Exercise data:
-*-

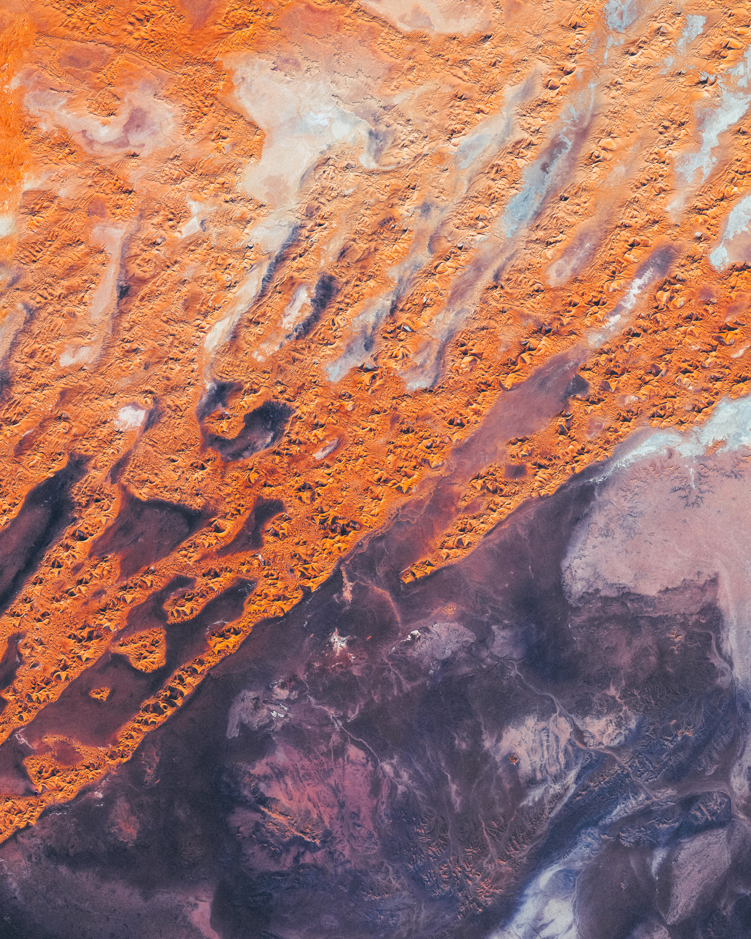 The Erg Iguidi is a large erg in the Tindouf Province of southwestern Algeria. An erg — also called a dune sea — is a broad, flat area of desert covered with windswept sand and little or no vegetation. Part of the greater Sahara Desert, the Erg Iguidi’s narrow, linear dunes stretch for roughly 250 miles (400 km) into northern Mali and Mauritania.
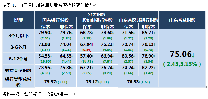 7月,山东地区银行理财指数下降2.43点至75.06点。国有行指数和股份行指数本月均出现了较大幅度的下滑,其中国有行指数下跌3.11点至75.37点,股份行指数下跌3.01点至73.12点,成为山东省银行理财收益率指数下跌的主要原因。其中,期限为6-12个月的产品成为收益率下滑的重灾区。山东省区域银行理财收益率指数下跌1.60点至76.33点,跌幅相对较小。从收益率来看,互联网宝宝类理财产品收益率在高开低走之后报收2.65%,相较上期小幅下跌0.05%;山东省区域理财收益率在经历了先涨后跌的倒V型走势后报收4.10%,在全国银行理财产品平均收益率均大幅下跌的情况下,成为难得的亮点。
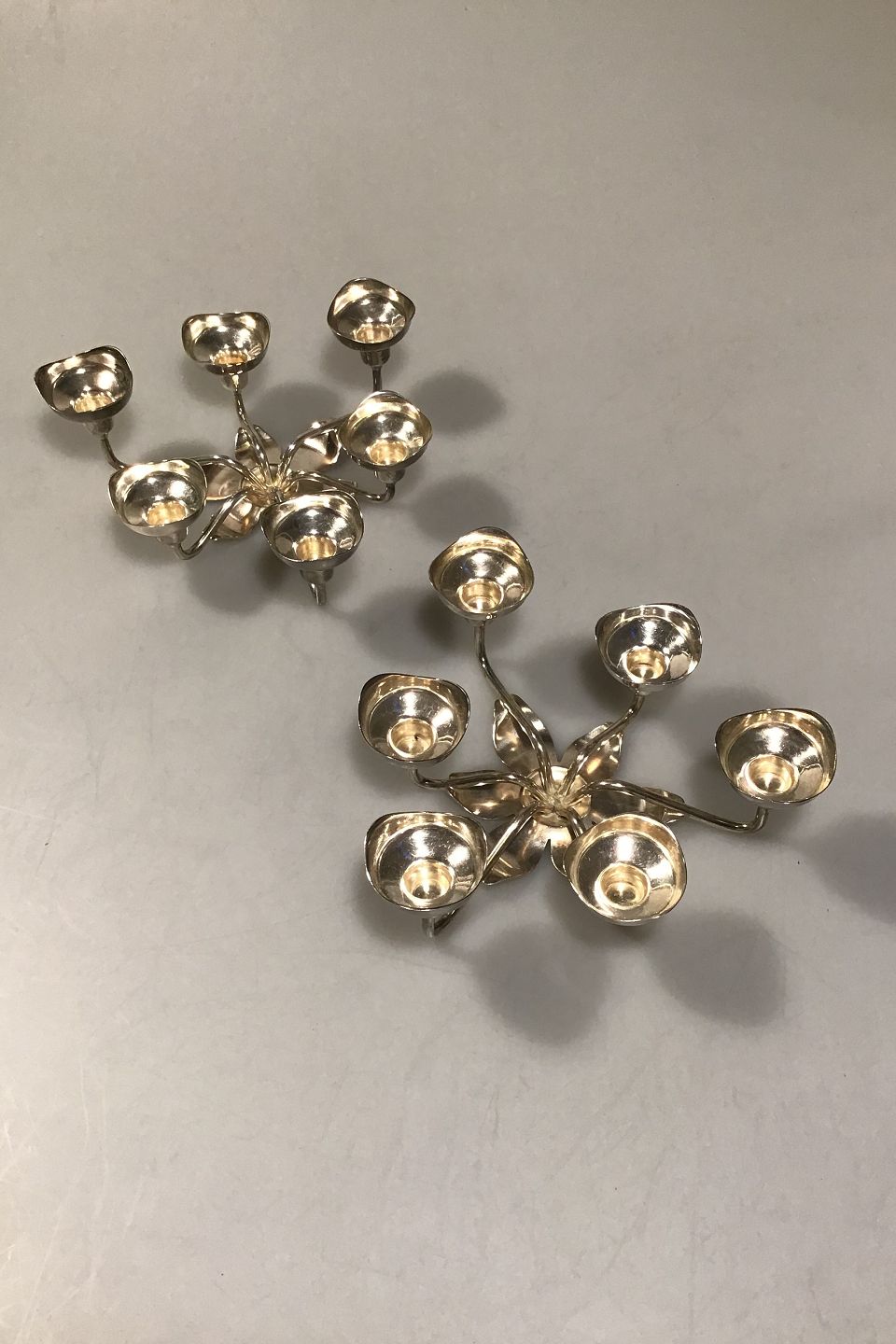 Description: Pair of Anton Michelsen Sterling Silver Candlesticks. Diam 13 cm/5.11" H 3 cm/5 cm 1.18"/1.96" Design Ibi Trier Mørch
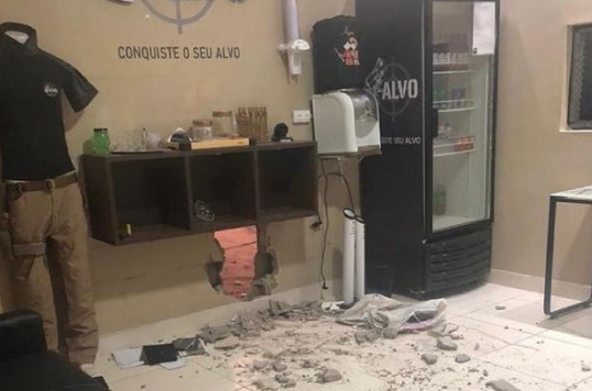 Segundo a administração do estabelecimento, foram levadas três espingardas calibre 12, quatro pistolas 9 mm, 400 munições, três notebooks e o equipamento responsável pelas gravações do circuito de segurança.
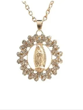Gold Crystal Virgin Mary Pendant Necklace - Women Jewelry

-*-

Exercise description: Images are to be omitted; repeat the remaining data above exactly.

Task response:
 The Erg Iguidi is a large erg in the Tindouf Province of southwestern Algeria. An erg — also called a dune sea — is a broad, flat area of desert covered with windswept sand and little or no vegetation. Part of the greater Sahara Desert, the Erg Iguidi’s narrow, linear dunes stretch for roughly 250 miles (400 km) into northern Mali and Mauritania.
 7月,山东地区银行理财指数下降2.43点至75.06点。国有行指数和股份行指数本月均出现了较大幅度的下滑,其中国有行指数下跌3.11点至75.37点,股份行指数下跌3.01点至73.12点,成为山东省银行理财收益率指数下跌的主要原因。其中,期限为6-12个月的产品成为收益率下滑的重灾区。山东省区域银行理财收益率指数下跌1.60点至76.33点,跌幅相对较小。从收益率来看,互联网宝宝类理财产品收益率在高开低走之后报收2.65%,相较上期小幅下跌0.05%;山东省区域理财收益率在经历了先涨后跌的倒V型走势后报收4.10%,在全国银行理财产品平均收益率均大幅下跌的情况下,成为难得的亮点。
 Description: Pair of Anton Michelsen Sterling Silver Candlesticks. Diam 13 cm/5.11" H 3 cm/5 cm 1.18"/1.96" Design Ibi Trier Mørch
 Segundo a administração do estabelecimento, foram levadas três espingardas calibre 12, quatro pistolas 9 mm, 400 munições, três notebooks e o equipamento responsável pelas gravações do circuito de segurança.
Gold Crystal Virgin Mary Pendant Necklace - Women Jewelry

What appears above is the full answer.